►

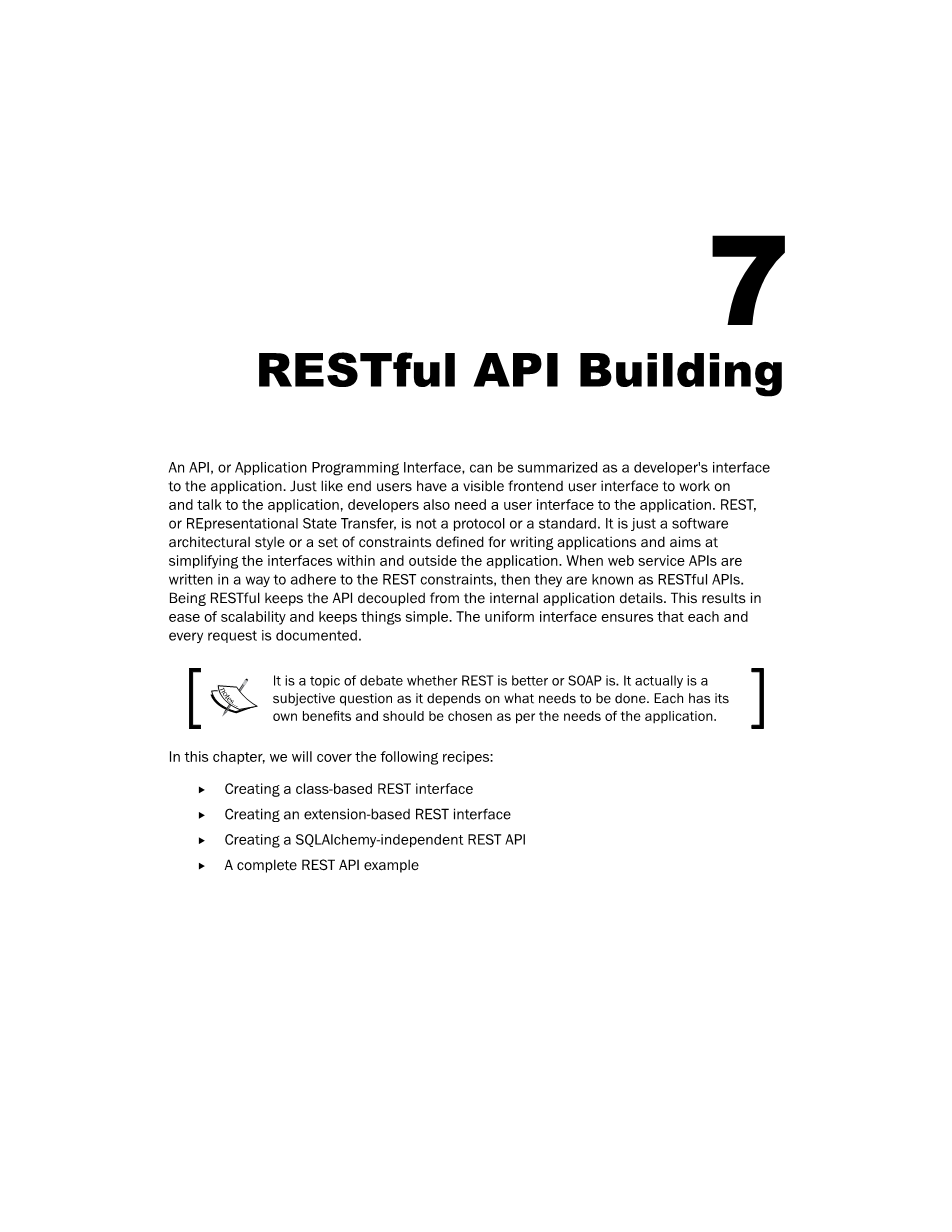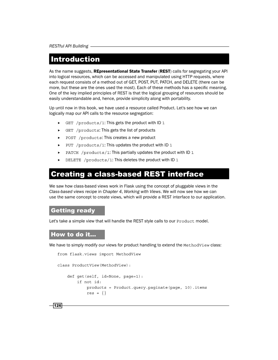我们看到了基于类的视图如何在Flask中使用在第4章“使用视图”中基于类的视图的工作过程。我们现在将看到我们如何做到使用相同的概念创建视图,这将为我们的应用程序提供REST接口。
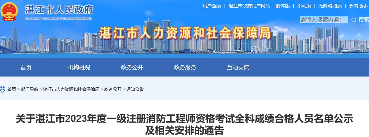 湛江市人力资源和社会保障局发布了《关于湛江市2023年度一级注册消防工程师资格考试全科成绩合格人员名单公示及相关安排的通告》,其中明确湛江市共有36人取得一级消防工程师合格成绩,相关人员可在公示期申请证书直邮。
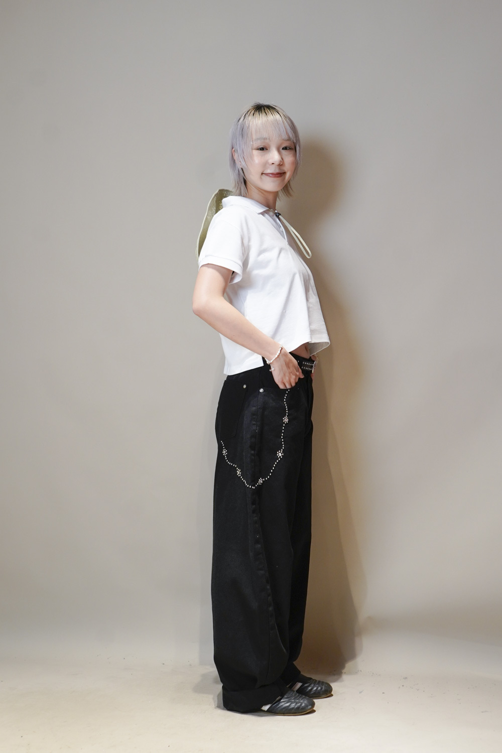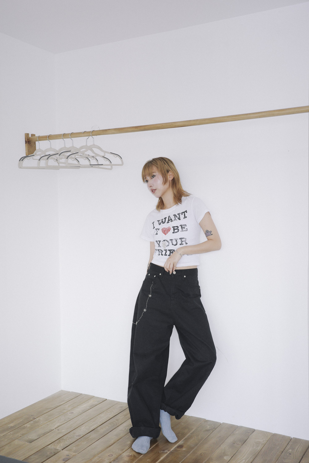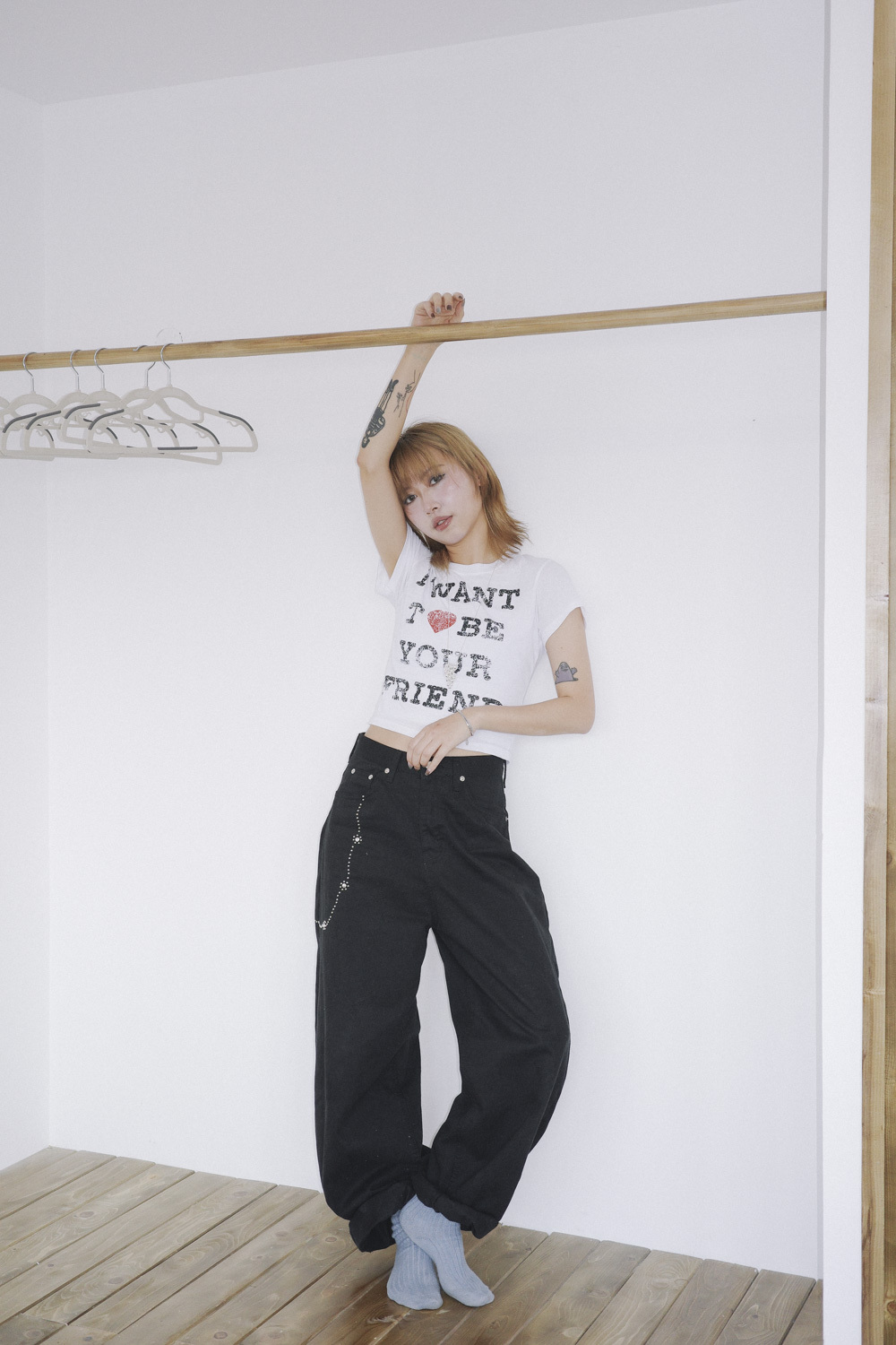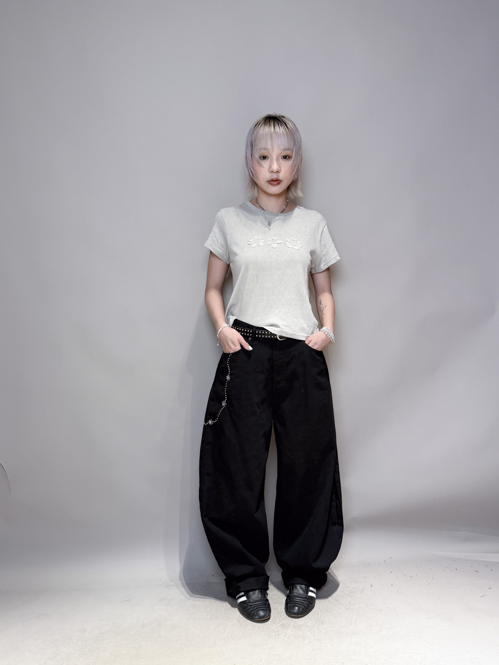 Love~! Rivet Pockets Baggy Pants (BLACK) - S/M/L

◄
►

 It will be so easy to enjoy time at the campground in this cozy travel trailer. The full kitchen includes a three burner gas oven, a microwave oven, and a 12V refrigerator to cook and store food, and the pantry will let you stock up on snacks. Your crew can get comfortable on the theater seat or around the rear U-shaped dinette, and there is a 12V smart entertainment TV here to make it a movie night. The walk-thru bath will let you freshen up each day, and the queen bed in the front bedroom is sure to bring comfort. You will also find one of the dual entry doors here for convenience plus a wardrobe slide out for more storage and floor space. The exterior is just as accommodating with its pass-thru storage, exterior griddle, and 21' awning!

◄

* Task item
From the records above, output only the lines starting at the one containing "湛江市人力资源和社会保障局发" and ending at the one containing "Love~! Rivet Pockets", word for word. Pictures stay out.

* Exercise output
 湛江市人力资源和社会保障局发布了《关于湛江市2023年度一级注册消防工程师资格考试全科成绩合格人员名单公示及相关安排的通告》,其中明确湛江市共有36人取得一级消防工程师合格成绩,相关人员可在公示期申请证书直邮。
 Love~! Rivet Pockets Baggy Pants (BLACK) - S/M/L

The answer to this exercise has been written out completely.